A shoe flung into the air such that at the end of 2.0 m/s it is at its maximum height moving at 6.0 m/s. How far away will it be from the thrower when it returns to the launch altitude.
2.0 what?
2.0 s
by the way at max height, your entire velocity is the horizontal component, u = 6 m/s , which is constant until it hits something.
so it took 2 seconds to stop vertical motion
so it was in the air for 4 seconds
so it went 6 * 4 = 24 meters
To solve this problem, we can use the concept of projectile motion. Let's break down the given information:
Initial velocity (u) = 2.0 m/s (upward)
Final velocity (v) = 6.0 m/s (downward)
Acceleration (a) = -9.8 m/s² (due to gravity, always directed downwards)
Distance traveled upwards = Distance traveled downwards (since the shoe returns to the launch altitude)
We need to find the distance traveled when the shoe returns to the launch altitude.

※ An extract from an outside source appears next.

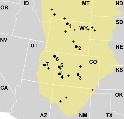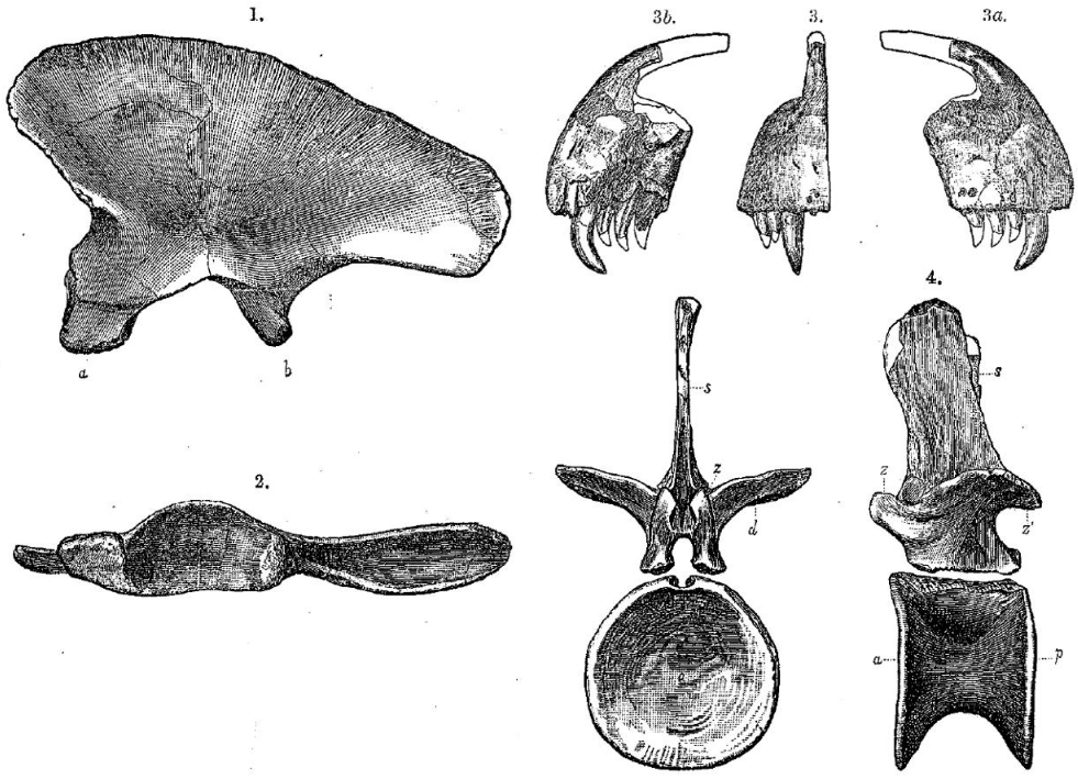 The discovery and early study of Allosaurus is complicated by the multiplicity of names coined during the Bone Wars of the late 19th century. The first described fossil in this history was a bone obtained secondhand by Ferdinand Vandeveer Hayden in 1869. It came from Middle Park, near Granby, Colorado, probably from Morrison Formation rocks. The locals had identified such bones as "petrified horse hoofs". Hayden sent his specimen to Joseph Leidy, who identified it as half of a tail vertebra, and tentatively assigned it to the European dinosaur genus Poekilopleuron as Poicilopleuron [sic] valens.[31] He later decided it deserved its own genus, Antrodemus.[32]

To do this, we'll make use of the following equation:
v² = u² + 2ad
Where:
v = final velocity
u = initial velocity
a = acceleration
d = distance
Since the initial velocity is upwards, we can assign it a negative value to maintain consistent signs with the acceleration. Therefore:
u = -2.0 m/s
Simplifying the equation to solve for distance (d), we have:
d = (v² - u²) / (2a)
Substituting the values we have:
d = (6.0² - (-2.0)²) / (2 * -9.8)
Calculating this expression gives us:
d = 19.8 / -19.6
d ≈ -1.01 m
The negative sign indicates that the distance is in the opposite direction of the shoe's launch. So, the shoe will be approximately 1.01 meters away from the thrower when it returns to the launch altitude.